Lifecycle: Init and Cleanup

The hash tables need to be created at request start and destroyed at request end. This is what RINIT and RSHUTDOWN are for:

funswap.c, lifecycle functions:

/* funswap.c — continued */
PHP_GINIT_FUNCTION(funswap) {
    ZEND_SECURE_ZERO(funswap_globals, sizeof(*funswap_globals));
}

PHP_RINIT_FUNCTION(funswap) {
#if defined(ZTS) && defined(COMPILE_DL_FUNSWAP)
    ZEND_TSRMLS_CACHE_UPDATE();
#endif
    ALLOC_HASHTABLE(FS_G(replacements));
    zend_hash_init(FS_G(replacements), 8, NULL,
                   (dtor_func_t)zval_ptr_dtor, 0);

    ALLOC_HASHTABLE(FS_G(originals));
    zend_hash_init(FS_G(originals), 8, NULL, NULL, 0);
    return SUCCESS;
}

PHP_RSHUTDOWN_FUNCTION(funswap) {
    /* Free replacement closures */
    if (FS_G(replacements)) {
        zend_hash_destroy(FS_G(replacements));
        FREE_HASHTABLE(FS_G(replacements));
        FS_G(replacements) = NULL;
    }

    /* Free stored originals */
    if (FS_G(originals)) {
        zval *zv;
        ZEND_HASH_FOREACH_VAL(FS_G(originals), zv) {
            zend_function *fn = Z_PTR_P(zv);
            if (fn->type == ZEND_USER_FUNCTION) {
                destroy_op_array(&fn->op_array);
            }
            efree(fn);
        } ZEND_HASH_FOREACH_END();
        zend_hash_destroy(FS_G(originals));
        FREE_HASHTABLE(FS_G(originals));
        FS_G(originals) = NULL;
    }
    return SUCCESS;
}

PHP_MINIT_FUNCTION(funswap) {
#if defined(ZTS) && defined(COMPILE_DL_FUNSWAP)
    ZEND_TSRMLS_CACHE_UPDATE();
#endif
    return SUCCESS;
}

PHP_MINFO_FUNCTION(funswap) {
    php_info_print_table_start();
    php_info_print_table_row(2, "funswap support", "enabled");
    php_info_print_table_row(2, "funswap version", PHP_FUNSWAP_VERSION);
    php_info_print_table_end();
}

funswap.c, updated module entry (note the added RINIT, RSHUTDOWN, GINIT):

/* funswap.c — continued */
zend_module_entry funswap_module_entry = {
    STANDARD_MODULE_HEADER,
    "funswap",
    ext_functions,
    PHP_MINIT(funswap),
    NULL,                       /* MSHUTDOWN */
    PHP_RINIT(funswap),
    PHP_RSHUTDOWN(funswap),
    PHP_MINFO(funswap),
    PHP_FUNSWAP_VERSION,
    PHP_MODULE_GLOBALS(funswap),
    PHP_GINIT(funswap),
    NULL,                       /* GSHUTDOWN */
    NULL,                       /* post deactivate */
    STANDARD_MODULE_PROPERTIES_EX,  /* note: _EX, not plain */
};

#ifdef COMPILE_DL_FUNSWAP
#ifdef ZTS
ZEND_TSRMLS_CACHE_DEFINE()
#endif
ZEND_GET_MODULE(funswap)
#endif

Note the change from STANDARD_MODULE_PROPERTIES to STANDARD_MODULE_PROPERTIES_EX. This is required when using PHP_MODULE_GLOBALS and PHP_GINIT. Without _EX, the struct layout is wrong and PHP crashes on load.
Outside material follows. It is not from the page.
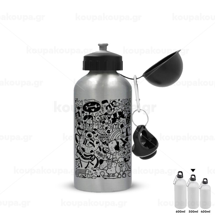 DOG pattern, Metallic water jug, Silver, aluminum 500ml

That one took me a while to figure out.

Writing .phpt Tests

PHP extensions use .phpt files for tests. Each test is a file with sections: --TEST-- (name), --EXTENSIONS-- (required extensions), --FILE-- (PHP code), --EXPECT-- (expected output).
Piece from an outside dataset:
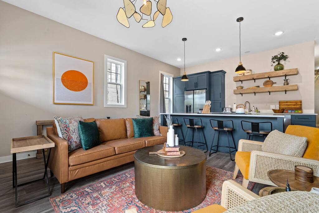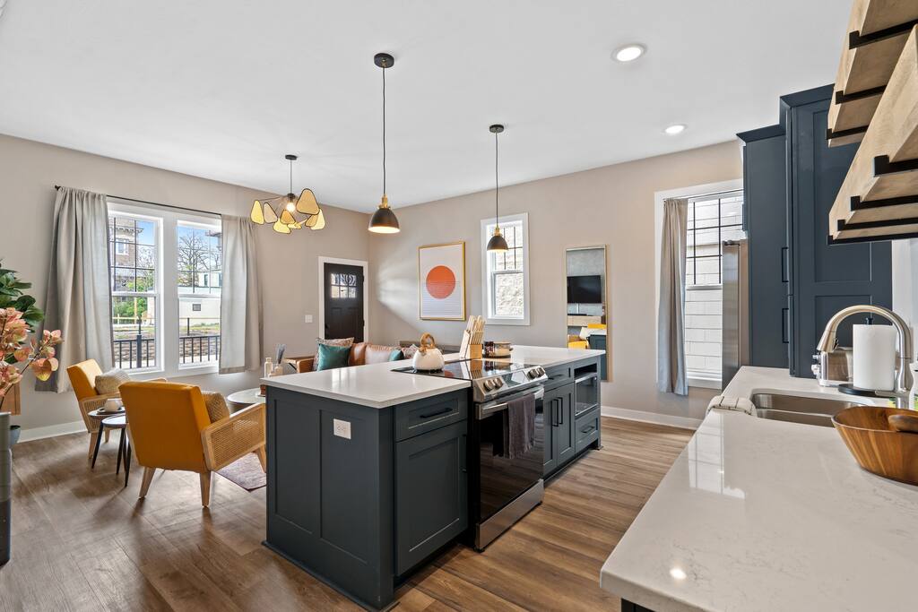 Welcome to The Bentley Hotel, a luxury selection of townhouses decorated with everyone in mind. We aim to provide a quality experience and memories that will last a lifetime. This townhome is finished with top of the line amenities including a 60” smart TV, board games, organic coffee and teas, a full kitchen with Caraway non-stick pans, workout mats, dumbbells and more. This is your new home away from home and the perfect place to gather whether you are in town for business or pleasure!

Remember the two-file pattern: define and replace in a setup file, call from the test file via require.

ext/tests/replace_internal.phpt, replacing an internal function:

--TEST--
FunSwap: replace internal function (strlen)
--EXTENSIONS--
funswap
--FILE--
<?php
\FunSwap\replace("strlen", function(string $s): int {
    return 999;
});

$code = '<?php echo strlen("hello") . "\n";';
$tmp = tempnam(sys_get_temp_dir(), 'fs');
file_put_contents($tmp, $code);
require $tmp;
unlink($tmp);
?>
--EXPECT--
999

You might wonder that for internal functions like strlen, the compiler emits DO_ICALL when it sees strlen in the function table. After our replacement, the function is still internal (our wrapper is ZEND_INTERNAL_FUNCTION), so DO_ICALL still works. We don’t actually need the two-file pattern for internal→internal replacement. But using it consistently doesn’t hurt, and it makes the tests uniform.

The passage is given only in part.